__Exercise directions__
Every picture is to be removed, and all the data is to be copied exactly.

__Available data__

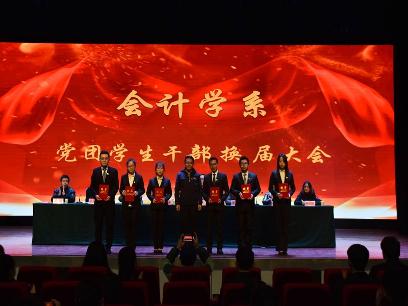 12月8日下午,会计学系2020届学生干部换届大会在学术报告厅召开。系党总支书记孙世强、党总支副书记牛应才、主任助理张希伟参加了本次大会,系党务秘书、行政秘书、各学生党支部书记及2020届全体学生干部、学生代表共400余人参加了本次大会。本次大会由团总支书记杨淑慧主持。
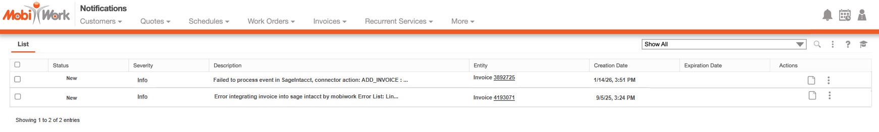 When automated invoices fail to integrate, a system notification is also created that can be seen in the notification page:
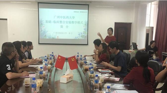曾柱代表公司对广州中医药大学苏宁教授一行表示欢迎,感谢广州中医药大学在公司基础医学实验国家级教学示范中心申报和建设中给予的支持和帮助,并从建校历史、学科发展、团队队伍、教学改革等方面简单介绍公司近年来的整体发展情况和取得的成果,希望通过此次交流沟通,更好地促进公司实验教学改革的步伐。
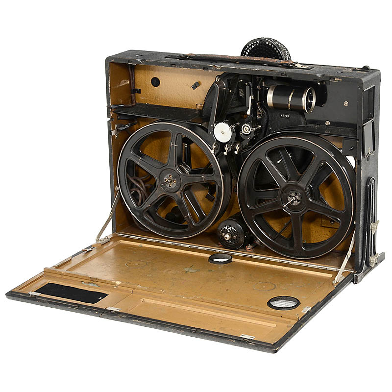 Zeiss Ikon, Dresden. 35mm portable movie projector for silent movies, for 400m film spools, with 2 spools, electric motor drive, electrical functions not tested.
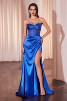 Black, Blue, Yellow, Red Strapless Corset Satin Gown with Slit CDCD295

__Solution to the exercise__
 12月8日下午,会计学系2020届学生干部换届大会在学术报告厅召开。系党总支书记孙世强、党总支副书记牛应才、主任助理张希伟参加了本次大会,系党务秘书、行政秘书、各学生党支部书记及2020届全体学生干部、学生代表共400余人参加了本次大会。本次大会由团总支书记杨淑慧主持。
 When automated invoices fail to integrate, a system notification is also created that can be seen in the notification page:
曾柱代表公司对广州中医药大学苏宁教授一行表示欢迎,感谢广州中医药大学在公司基础医学实验国家级教学示范中心申报和建设中给予的支持和帮助,并从建校历史、学科发展、团队队伍、教学改革等方面简单介绍公司近年来的整体发展情况和取得的成果,希望通过此次交流沟通,更好地促进公司实验教学改革的步伐。
 Zeiss Ikon, Dresden. 35mm portable movie projector for silent movies, for 400m film spools, with 2 spools, electric motor drive, electrical functions not tested.
 Black, Blue, Yellow, Red Strapless Corset Satin Gown with Slit CDCD295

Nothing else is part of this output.